■ Your assignment ■
Using the data below, output a verbatim copy of the lines between the one holding "深圳新聞網(wǎng)訊(見圳客戶端、深圳新聞網(wǎng)記者 李慧 通訊員" and the one holding "как выглядит TQKAG", inclusive, without any pictures.

■ Exercise inputs ■
┄┄┄┄┄┄┄┄┄┄
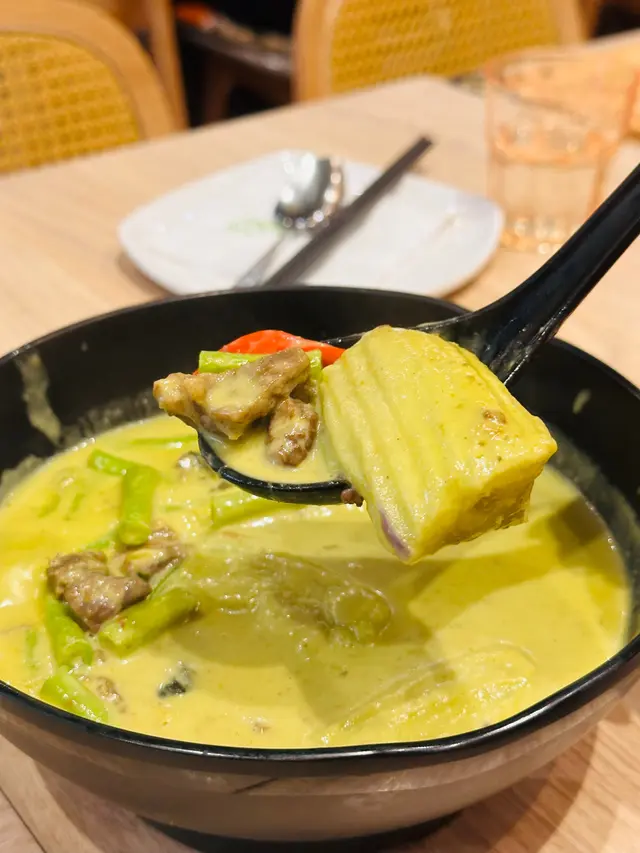 跟住就係青咖喱牛腩,呢個菜色真係好正!牛腩煮得軟滑入味,青咖喱醬香濃,帶有一點微辣,配上椰漿嘅香味,食落去好有層次感,再加埋一碗白飯,簡直係完美搭配😋
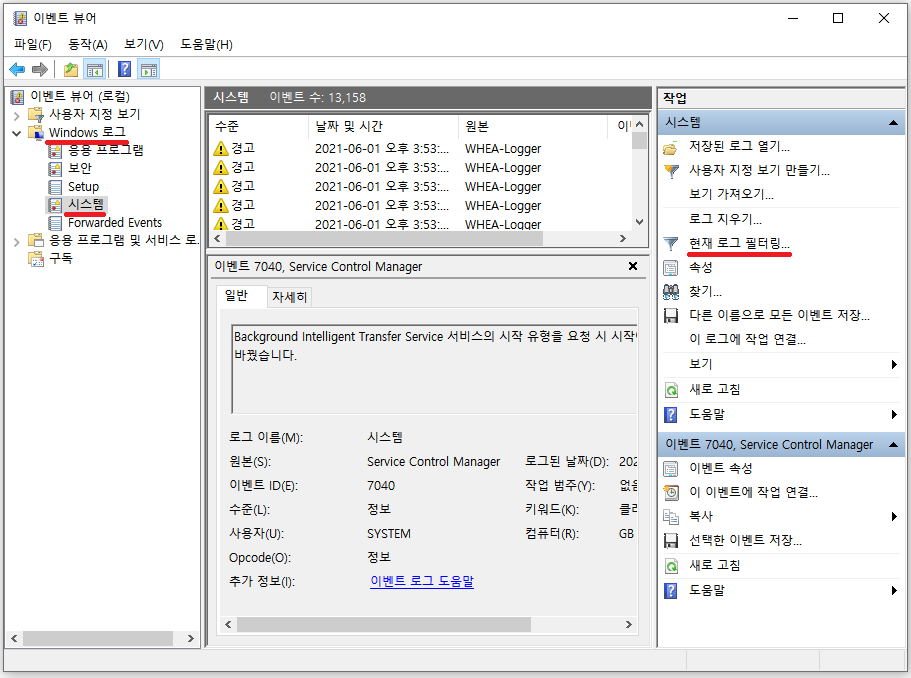 3. 열리는 이벤트 뷰어 창 왼쪽에서 [Windows 로그]-[시스템] 순으로 클릭한 다음, 우측에 있는 [작업] 목록에서 [현재 로그 필터링]을 선택합니다.
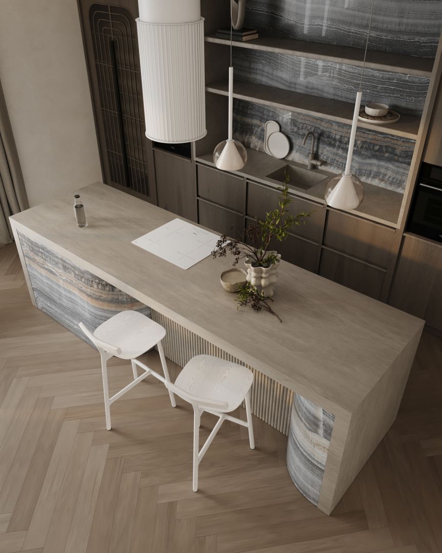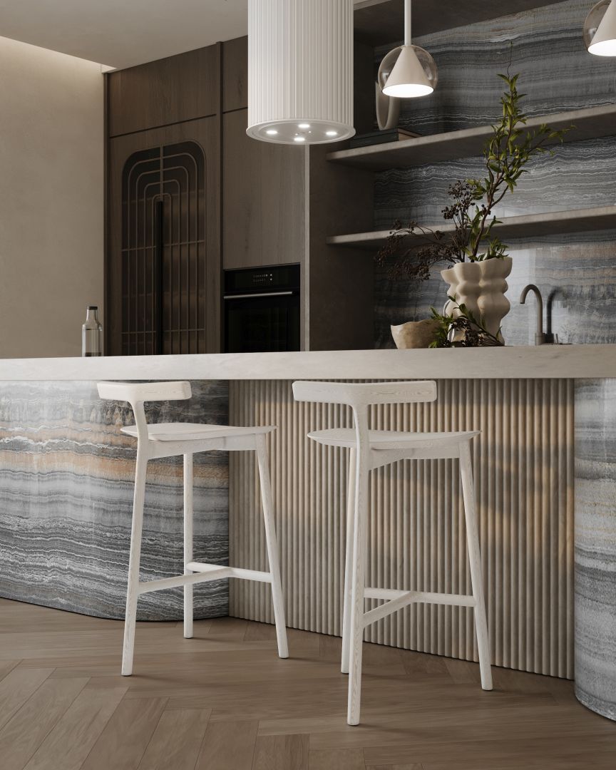 Construcția decorativă, ce amintește de finisajele „canelate” (fluted) la modă, este un adevărat deliciu pentru iubitorii de detalii. Tuburile nu doar decorează, ci și subliniază caracterul sofisticat al bucătăriei, conferindu-i un stil unic și eleganță. Voliera este o completare genială și un nou accent decorativ pentru suprafețele riflate. Adaugă tridimensionalitate și permite un joc de lumină unic, dar asta nu e tot. Voliera permite o personalizare mult mai largă a spațiului de gătit, fiind disponibilă în multe variante surprinzătoare, nu doar de culoare, ci și decorative.
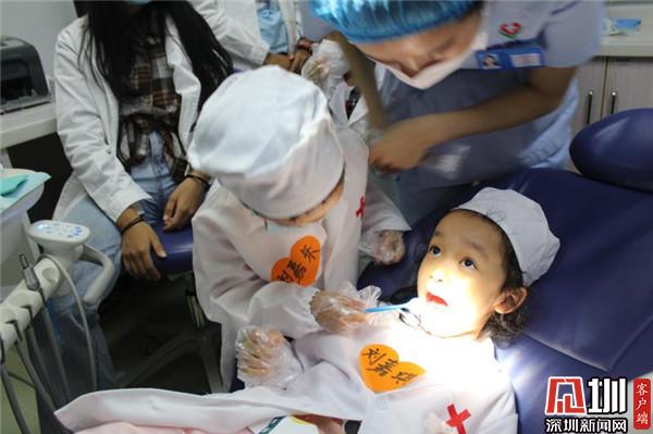 深圳新聞網(wǎng)訊(見圳客戶端、深圳新聞網(wǎng)記者 李慧 通訊員 楊紀歐)10月25日,羅湖區(qū)桂園街道老圍社區(qū)黨群服務(wù)中心組織社區(qū)青少年到醫(yī)院開展了一場社會實踐體驗活動,13位小朋友身穿白大褂,頭戴醫(yī)生帽,手拿口腔鏡,為“病人”檢查牙齒,當(dāng)了一回牙醫(yī),體驗了當(dāng)醫(yī)生的快樂,同時也感知到愛護牙齒的重要。3歲的劉嘉樂小朋友給姐姐看完牙齒后對媽媽說:“媽媽,姐姐有蛀牙。我以后也要好好刷牙。”
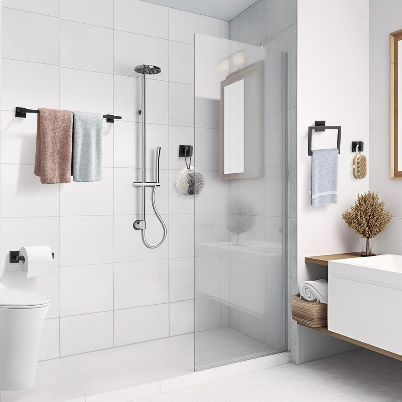 как выглядит TQKAG 10-Pc Matte Black SUS304 Set: Towel Bar, Ring, Paper Holder, Hooks фото
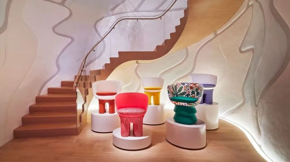 皮埃尔·保林(Pierre Paulin)和斯蒂芬·利奥(Stephen Leo)的家具带来多彩印象,四层的墙面则是对藤村公子(Kimiko Fujimura)的画作“波浪蓝线”(Wave Blue Line)的重新诠释,增添了商店的活力。
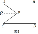 分析 (1)过点P作PQ∥AB,根据平行线的性质得出∠APQ=∠A,∠CPQ=∠C,即可得出答案;
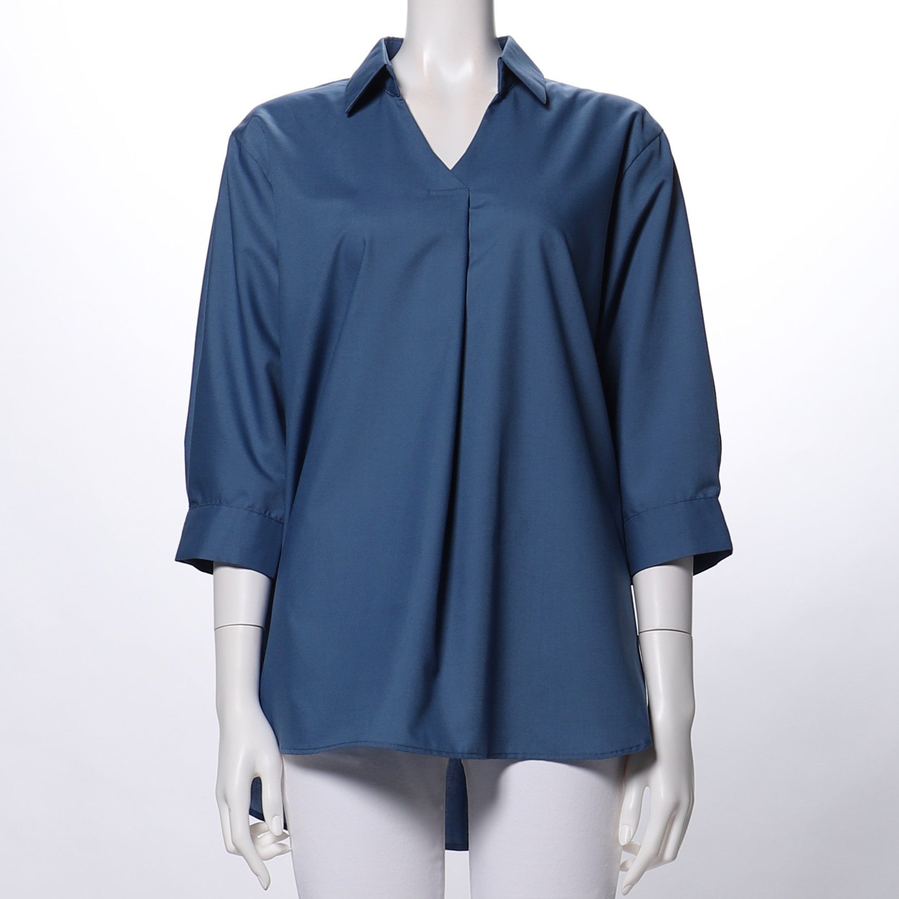 程よいゆったり感がポイントのスキッパーブラウス。 テーパードパンツを合わせてすっきりと着こなして、プリーツスカートを合わせて休日のお出かけスタイルにも◎
┄┄┄┄┄┄┄┄┄┄
■ Worked solution ■
 深圳新聞網(wǎng)訊(見圳客戶端、深圳新聞網(wǎng)記者 李慧 通訊員 楊紀歐)10月25日,羅湖區(qū)桂園街道老圍社區(qū)黨群服務(wù)中心組織社區(qū)青少年到醫(yī)院開展了一場社會實踐體驗活動,13位小朋友身穿白大褂,頭戴醫(yī)生帽,手拿口腔鏡,為“病人”檢查牙齒,當(dāng)了一回牙醫(yī),體驗了當(dāng)醫(yī)生的快樂,同時也感知到愛護牙齒的重要。3歲的劉嘉樂小朋友給姐姐看完牙齒后對媽媽說:“媽媽,姐姐有蛀牙。我以后也要好好刷牙。”
 как выглядит TQKAG 10-Pc Matte Black SUS304 Set: Towel Bar, Ring, Paper Holder, Hooks фото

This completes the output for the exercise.